*Data block:*
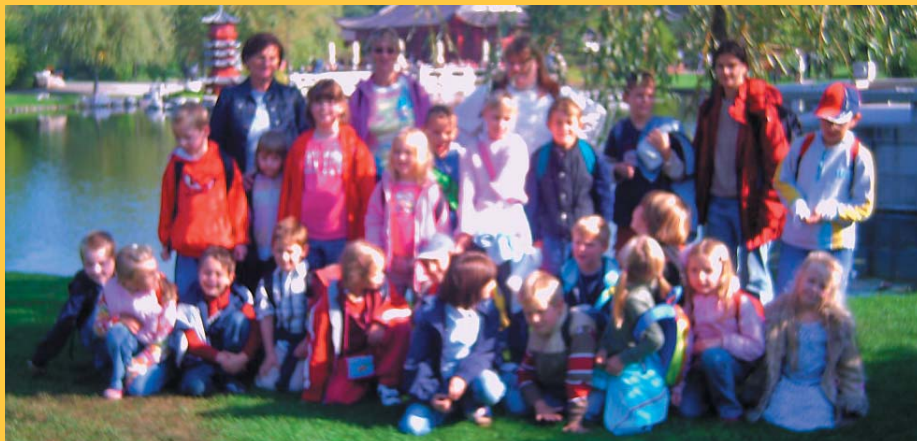
Nix für Stubenhocker: mit der Ferienbetreuung immer unterwegs, bei Sonne, Wind und Regen

Mit der Ferienbetreuung macht auch „Schule“ in den Ferien Spaß
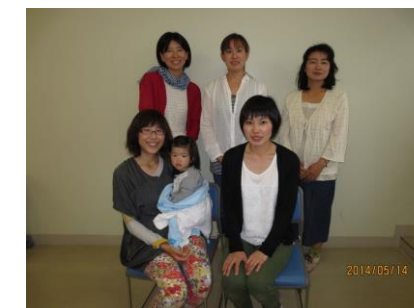
いつも元気な地区委員です

*Exercise:*
Return each line above exactly; any pictures are to be skipped.

*Exercise answer:*
Nix für Stubenhocker: mit der Ferienbetreuung immer unterwegs, bei Sonne, Wind und Regen

Mit der Ferienbetreuung macht auch „Schule“ in den Ferien Spaß
いつも元気な地区委員です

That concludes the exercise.